(Records from a collection)
====

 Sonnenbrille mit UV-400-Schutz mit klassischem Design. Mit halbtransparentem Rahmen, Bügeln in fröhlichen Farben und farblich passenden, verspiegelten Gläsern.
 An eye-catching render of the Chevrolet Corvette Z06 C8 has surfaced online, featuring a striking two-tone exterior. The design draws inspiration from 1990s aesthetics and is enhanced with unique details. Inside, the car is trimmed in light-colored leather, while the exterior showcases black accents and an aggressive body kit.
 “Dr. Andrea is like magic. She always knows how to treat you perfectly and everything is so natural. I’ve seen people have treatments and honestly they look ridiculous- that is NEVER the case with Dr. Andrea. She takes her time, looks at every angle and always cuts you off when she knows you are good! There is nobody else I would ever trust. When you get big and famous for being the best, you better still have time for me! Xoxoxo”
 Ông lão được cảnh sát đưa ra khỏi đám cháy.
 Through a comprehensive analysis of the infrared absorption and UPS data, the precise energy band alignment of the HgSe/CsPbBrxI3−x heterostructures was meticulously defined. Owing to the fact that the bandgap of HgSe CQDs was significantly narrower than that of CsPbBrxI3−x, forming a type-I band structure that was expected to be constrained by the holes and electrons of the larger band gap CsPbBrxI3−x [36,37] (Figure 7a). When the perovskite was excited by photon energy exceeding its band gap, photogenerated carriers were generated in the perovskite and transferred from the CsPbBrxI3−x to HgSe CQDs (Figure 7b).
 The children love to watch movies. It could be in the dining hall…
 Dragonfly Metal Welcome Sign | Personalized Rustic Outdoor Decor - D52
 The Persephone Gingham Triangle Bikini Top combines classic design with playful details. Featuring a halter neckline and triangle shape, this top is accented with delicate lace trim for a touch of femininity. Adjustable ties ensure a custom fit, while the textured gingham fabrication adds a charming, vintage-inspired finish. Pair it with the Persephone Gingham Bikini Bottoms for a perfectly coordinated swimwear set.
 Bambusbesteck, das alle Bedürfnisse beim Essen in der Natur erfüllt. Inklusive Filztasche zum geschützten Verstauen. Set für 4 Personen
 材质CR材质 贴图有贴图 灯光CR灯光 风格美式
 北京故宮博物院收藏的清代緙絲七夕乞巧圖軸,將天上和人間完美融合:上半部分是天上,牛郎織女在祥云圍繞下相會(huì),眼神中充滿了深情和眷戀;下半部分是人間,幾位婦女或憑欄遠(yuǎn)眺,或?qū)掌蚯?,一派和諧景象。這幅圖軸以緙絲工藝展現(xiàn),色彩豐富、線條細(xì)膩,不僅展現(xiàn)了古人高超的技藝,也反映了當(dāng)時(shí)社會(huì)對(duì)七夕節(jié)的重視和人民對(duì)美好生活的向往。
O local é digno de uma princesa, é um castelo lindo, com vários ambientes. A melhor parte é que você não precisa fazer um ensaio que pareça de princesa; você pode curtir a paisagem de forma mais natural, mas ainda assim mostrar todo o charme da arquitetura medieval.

====

» Problem to work on
Please copy every line of the records above in which "that" appears.

» Task output
 “Dr. Andrea is like magic. She always knows how to treat you perfectly and everything is so natural. I’ve seen people have treatments and honestly they look ridiculous- that is NEVER the case with Dr. Andrea. She takes her time, looks at every angle and always cuts you off when she knows you are good! There is nobody else I would ever trust. When you get big and famous for being the best, you better still have time for me! Xoxoxo”
 Through a comprehensive analysis of the infrared absorption and UPS data, the precise energy band alignment of the HgSe/CsPbBrxI3−x heterostructures was meticulously defined. Owing to the fact that the bandgap of HgSe CQDs was significantly narrower than that of CsPbBrxI3−x, forming a type-I band structure that was expected to be constrained by the holes and electrons of the larger band gap CsPbBrxI3−x [36,37] (Figure 7a). When the perovskite was excited by photon energy exceeding its band gap, photogenerated carriers were generated in the perovskite and transferred from the CsPbBrxI3−x to HgSe CQDs (Figure 7b).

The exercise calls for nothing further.